First and foremost, be kind to the horse and don’t provoke it or try to see what their pain threshold is. This may sound strange, but we have had customers who consciously provoked the horse with, for example, a hard landing to see how the horse would react. We ask these people to leave. Most horses are still in training when sold, take this into account when trying out for the first time.
What is your vision of vaulting in the future? Especially regarding the horses.
I think personally we already made big improvements over the years regarding horse quality compared to 10/15 years ago. Nowadays you see that more horses are showing a real canter instead of a mix of trot and canter and I hope that this trend will continue. Going forward I hope that when we are going to big tournaments like WEG or the World Cup, that we as a sport are taken seriously and also that our horses are seen as happy and healthy athletes and not just there to canter around. I get a lot of comments from people who are not into vaulting saying “Why do you need a horse for that?” which I can understand because of the way we train and do a lot on the mechanical horse. We have to make sure that vaulting is and stays an equestrian sport and that the horse is part of the team.
How did you get through Corona?
Thanks to our good reputation and loyal clients we were still able to sell some horses during corona, if that hadn’t been the case we would not have been able to pull through.
How did the selling of horses work during Corona?
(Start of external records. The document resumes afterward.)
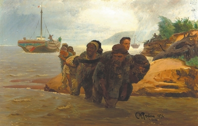 ❷《纤夫涉水》1872年,62厘米×97厘米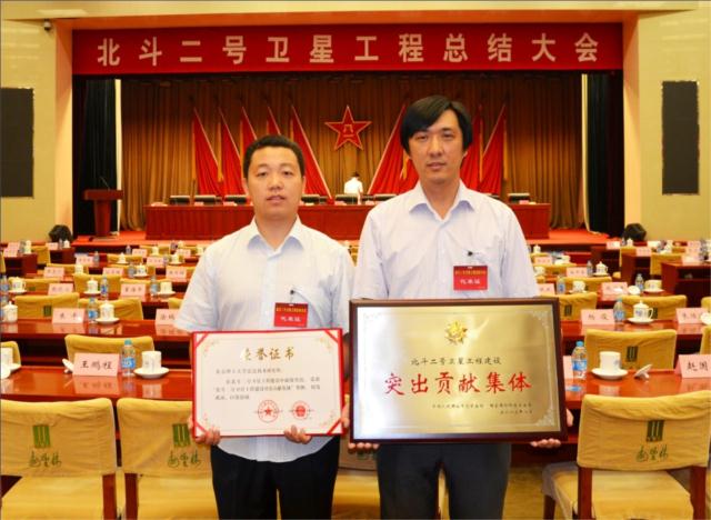 2013年9月3日,北斗二号卫星工程总结大会在中国人民解放军总装备部远望楼召开,本届会议对北斗二号卫星工程研制建设进行总结,对突出贡献集体和个人进行表彰,中共中央政治局委员、中央军委副主席许其亮,四总部、军委办公厅和国家机关有关部门领导乙晓光、贾廷安、秦银河、王洪尧、李安东、牛红光、刘国治等出席了会议。安博官方网站雷达技术研究所副所长刘峰和雷达技术研究所项目经理李健作为突出贡献集体代表参加了会议。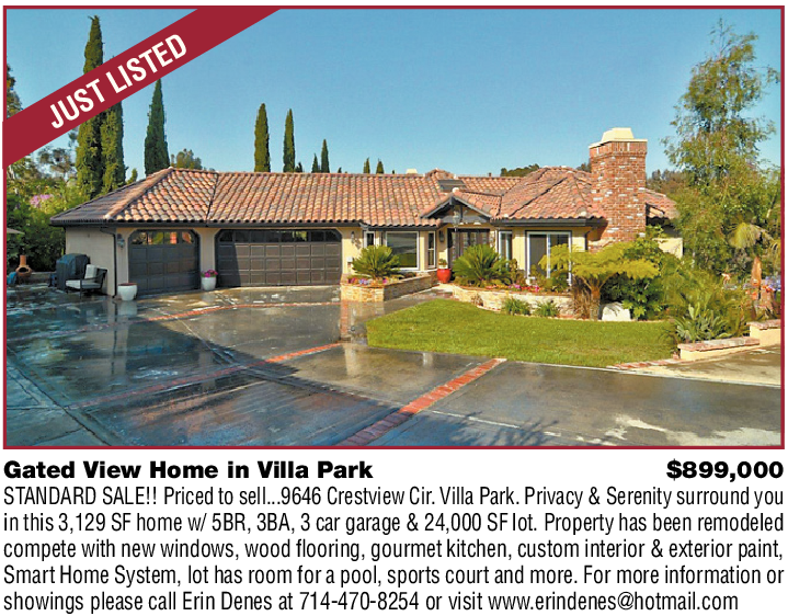 Gated View Home in Villa Park $899,000 STANDARD SALE!! Priced to sell...9646 Crestview Cir. Villa Park. Privacy & Serenity surround you in this 3,129 SF home w/ 5BR, 3BA, 3 car garage & 24,000 SF lot. Property has been remodeled compete with new windows, wood flooring, gourmet kitchen, custom interior & exterior paint, Smart Home System, lot has room for a pool, sports court and more. For more information or showings please call Erin Denes at 714-470-8254 or visit www.erindenes@hotmail.com

We would send videos of the horse to the client and if it was possible the client would try to come to our stable to meet the horse (which involved often quarantine time, PCR tests and having to cross different borders). Normally only some horses are sold over video, during corona around ¾ of our horses were sold via video.
Any tips on how to look at an online advert of a horse?
When I look online I am always interested in the video and the way that it has been edited can give away a lot. Some sellers will cut the video off every time the horse does something it is not supposed to do and will put a picture instead. This doesn’t mean that pictures in a video are bad, but a picture every 10 seconds means most of the time no good. Furthermore I try to take the description not too seriously since the advertiser will always try to make the advertisement look its best because they are trying to sell their horse.
Any news or additional information you would like to tell our community?
This year we are getting started with competitions again. We are looking forward to competing at the Junior World Championship in Le Mans and the Senior World Championships in Budapest and see all the people that we missed because of Corona.